# Markov Chain

1. Sep 10, 2009

### hsong9

1. The problem statement, all variables and given/known data
Let X0 be a random variable with values in a countable set I. Let Y1, Y2, ... be a
sequence of independent random variables, uniformly distributed on [0, 1].
Suppose we are given a function G : I x [0, 1] -> I
and define inductively for n >= 0, Xn+1 = G(Xn, Yn+1).
Show that (Xn)n>=0 is a Markov chain and
express its transition matrix P in terms of G.

2. Relevant equations

3. The attempt at a solution
I know that I need to show that Xn+1 depends on Xn by checking the condition in the definition of Markov chain, and then
try to find some formula for P(Xn+1 = j | Xn=i) in terms of G.

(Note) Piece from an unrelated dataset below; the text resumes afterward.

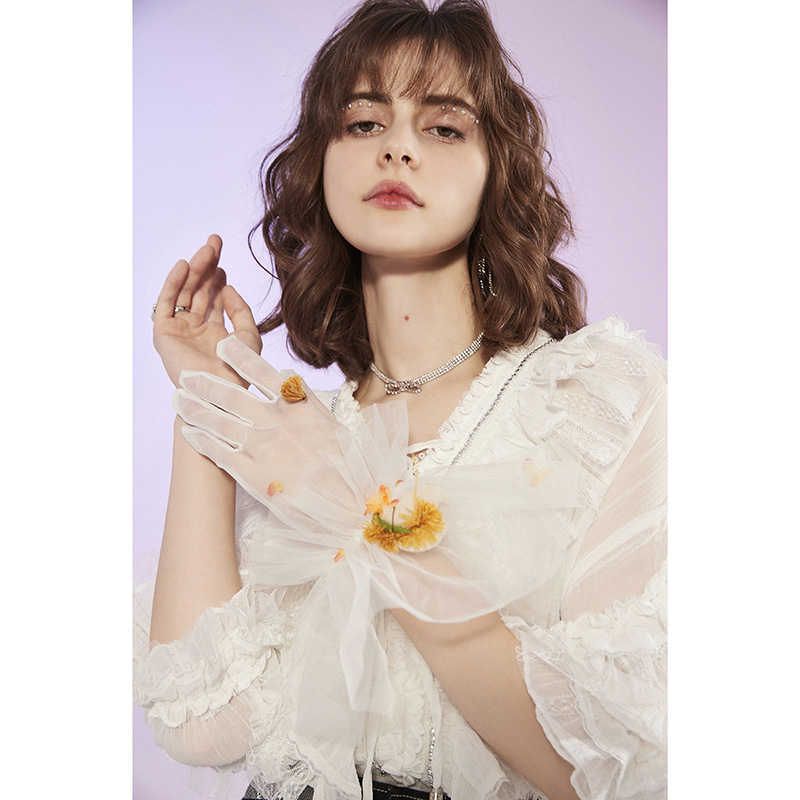衫 直播年新国潮甜酷花边V领系带雪纺蕾丝中袖 71AW319001 莲灿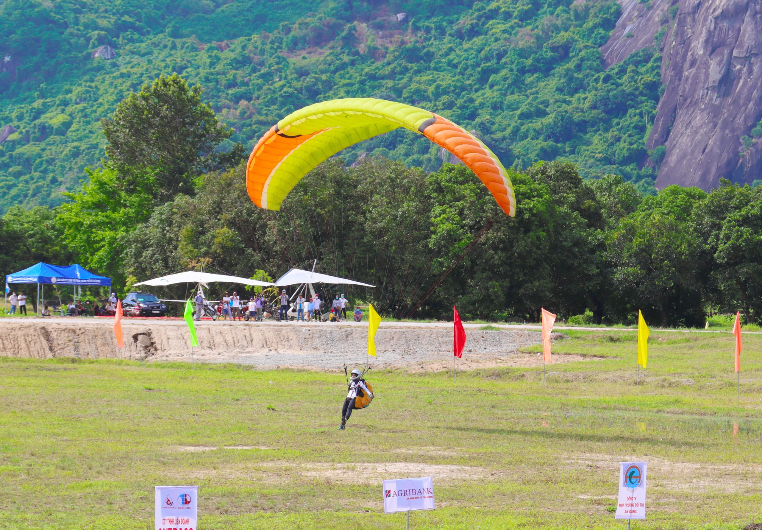 Một nữ phi công dù lượn đáp xuống mặt đất thành công trong tiếng hò reo cổ vũ của hàng ngàn khán giả trên sân.

Actually, my background for Markov chain lacks a little, so I have no how I find some formula for P in terms of G.. How do I handle terms of G?
Anybody give me some hints or answer?

2. Sep 5, 2010

### fi1

I guess you should only need to show P[Xn+1 = xn+1 | X1 = x1, X2 = x2, ..., Xn = xn] = P[Xn+1 = xn+1 | Xn = xn]. (Markov property).

In your case it holds, since G is only a function of Xn; and Yi are independent random variables. P[Xn+1 = xn+1 | Xn = xn] = P[G(xn, y)=xn+1] where y is the uniformly distributed random variable.